Former Uber CEO Travis Kalanick was reportedly aware that the company's self-driving car chief at the time had stolen secrets from Google.

As the Uber-Waymo lawsuit keeps unraveling, a new court filing reveals that Kalanick found out last year that Anthony Levandowski, the engineer who oversaw Uber's self-driving car project, had stolen information from Google.

Google-Waymo Lawsuit

For those unfamiliar with the matter, here's a brief summary. Levandowski previously worked at Waymo, Google's self-driving car division, and then left in 2016 and ended up leading Uber's driverless car project. Waymo sued Uber claiming that Levandowski stole trade secrets on his way out. Levandowski co-founded startup Otto, which Uber acquired for $680 million.

In the lawsuit, Waymo alleges that Levandowski and Uber conspired to have the engineer snatch more than 14,000 proprietary files from Google, including lidar technology designs that are essential to how a self-driving car understands its surroundings.

Levandowski is not a defendant in this lawsuit and he has refused to testify, invoking his fifth amendment rights against self-incrimination.

Uber, meanwhile, argues that it developed its automation technology without notable contributions from Levandowski.
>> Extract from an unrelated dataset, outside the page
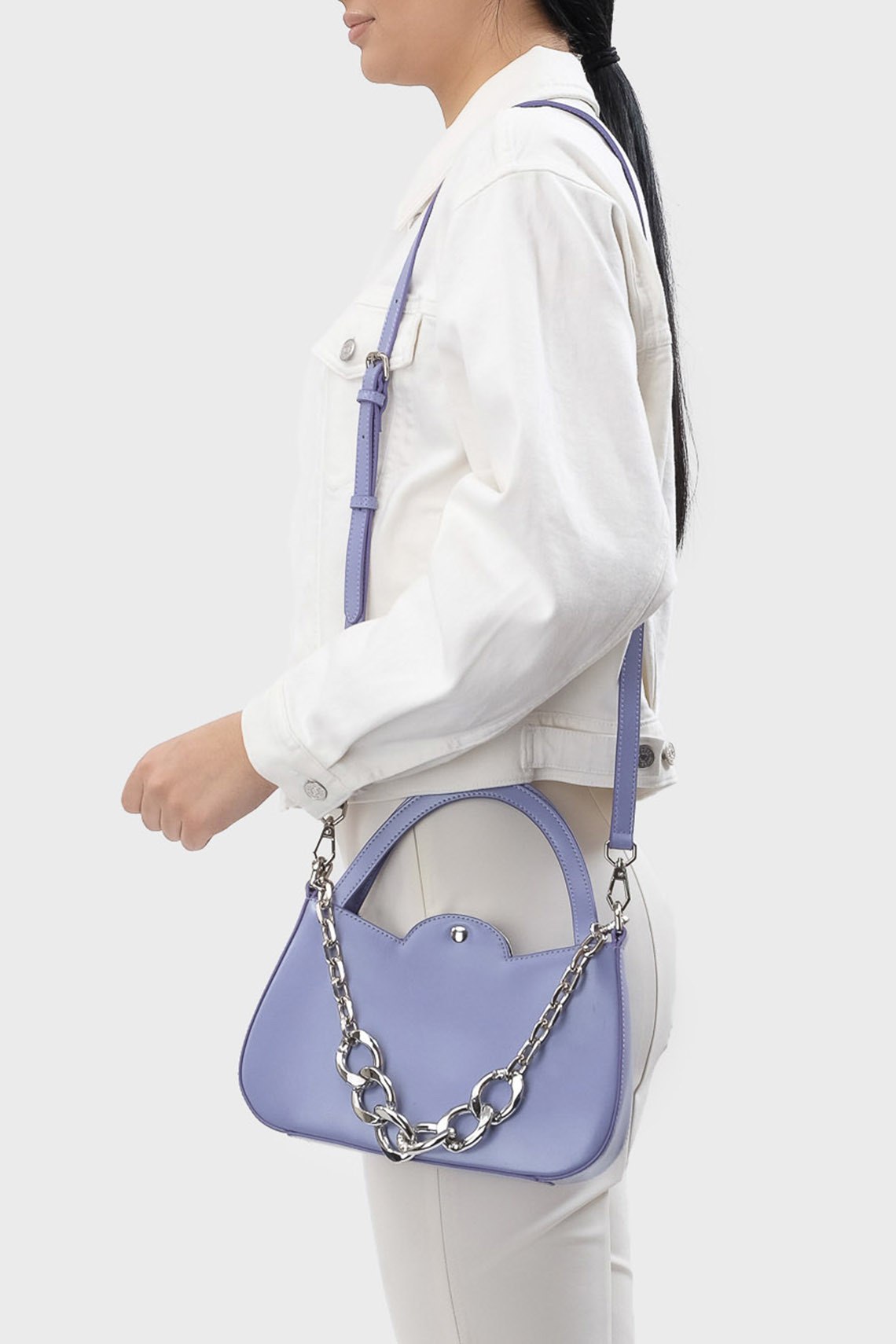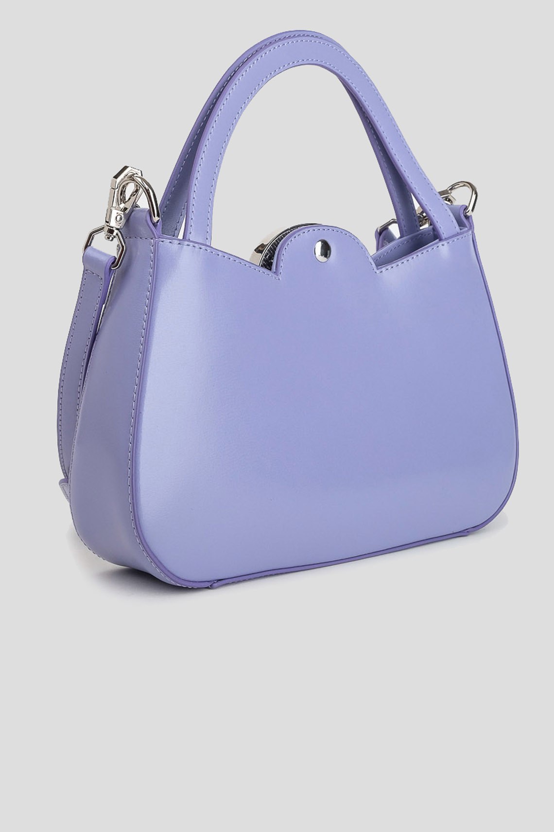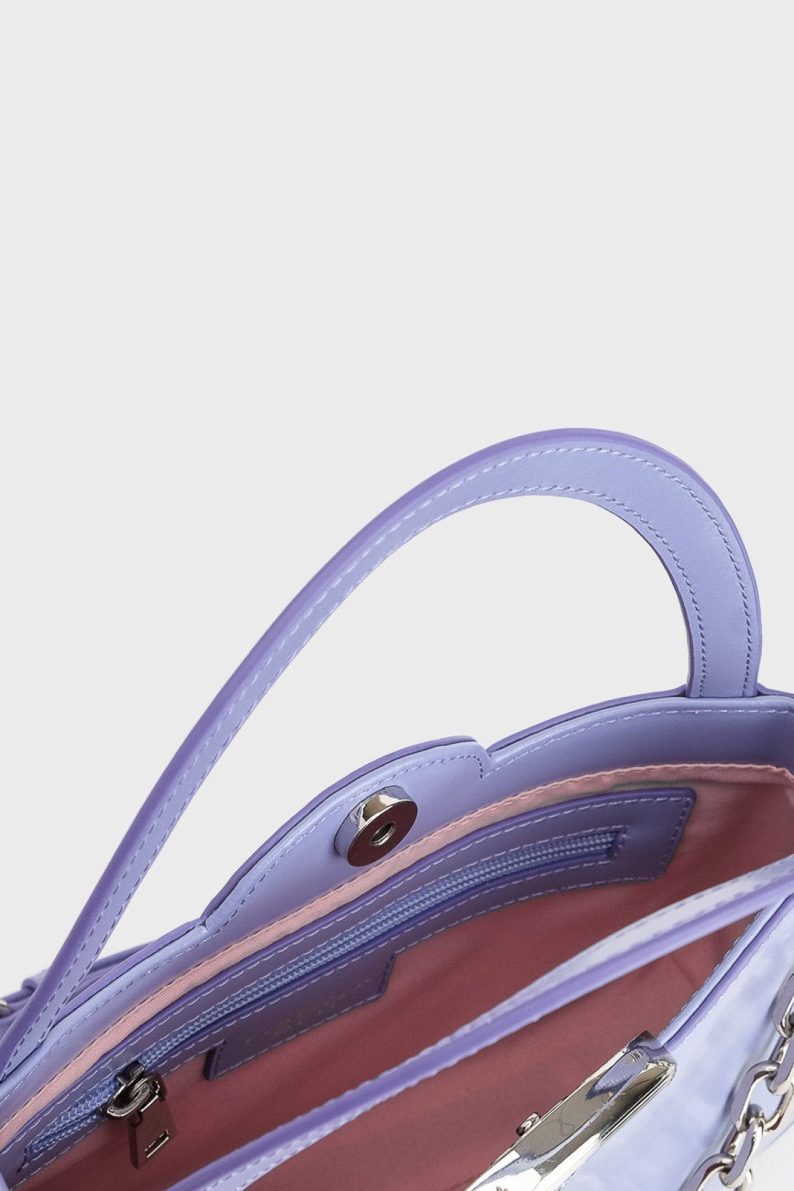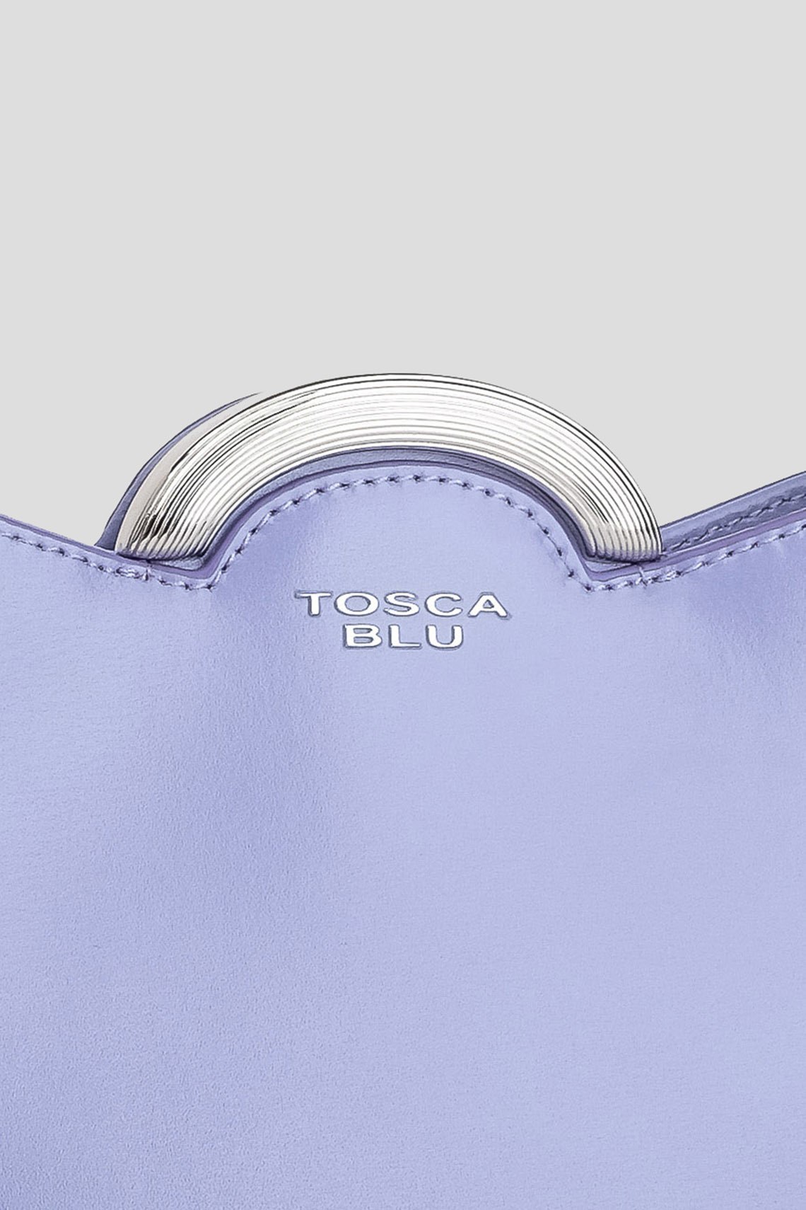 Женская сиреневая сумка-тоут из натуральной кожи от Tosca Blu (Тоска Блу). Два отделения, застежка на кнопку, внутренний карман на молнии, две верхние ручки, металлическая фурнитура серебристого цвета, логотип бренда, съемный плечевой ремень

The engineer no longer leads Uber's self-driving car project, and Kalanick is no longer Uber's CEO.

Kalanick Knew Levandowski Stole Google Secrets

Kalanick resigned as Uber CEO on Monday, June 19, amid mounting pressure from shareholders who argued that the company would be better off without his aggressive leadership style.

According to a report from Bloomberg, a new court filing alleges that Kalanick told Levandowski back in March 2016 that the company did not want the information he stole from Google, and he shouldn't bring that data to Uber. Levandowski reportedly told Kalanick that he destroyed the materials.

This new tidbit of information came to light on Wednesday, June 21, as the Waymo-Uber lawsuit progresses. Along with sexual harassment issues and other Uber problems, this lawsuit was also among the reasons why Uber shareholders called for Kalanick's resignation.

Waymo argues that since Uber postponed the disclosure of the exchange that was scheduled for June 5, and it also knew that Levandowski destroyed the discs, Uber should have to prove to U.S. District Judge William Alsup, presiding over the case, that it should not be held in contempt for violating orders to disclose information.

Uber Scandals Worsen

As companies are racing to develop viable self-driving car technology, this case is crucial to how things will unfold. While we're still years away from seeing self-driving cars commercially available and roaming the streets worldwide, the driverless car industry is expected to make billions of dollars, and companies are competing to get a headstart.

Uber is already in troubled waters after a series of scandals, culminating with its CEO's resignation amid a company-wide executive exodus. This new revelation that Kalanick was aware Levandowski possessed information about Google's self-riving car developments now adds more fuel to the fire.

It will be interesting to see how Uber will manage to overcome this turmoil and recover from these scandals, but things don't look too good for now.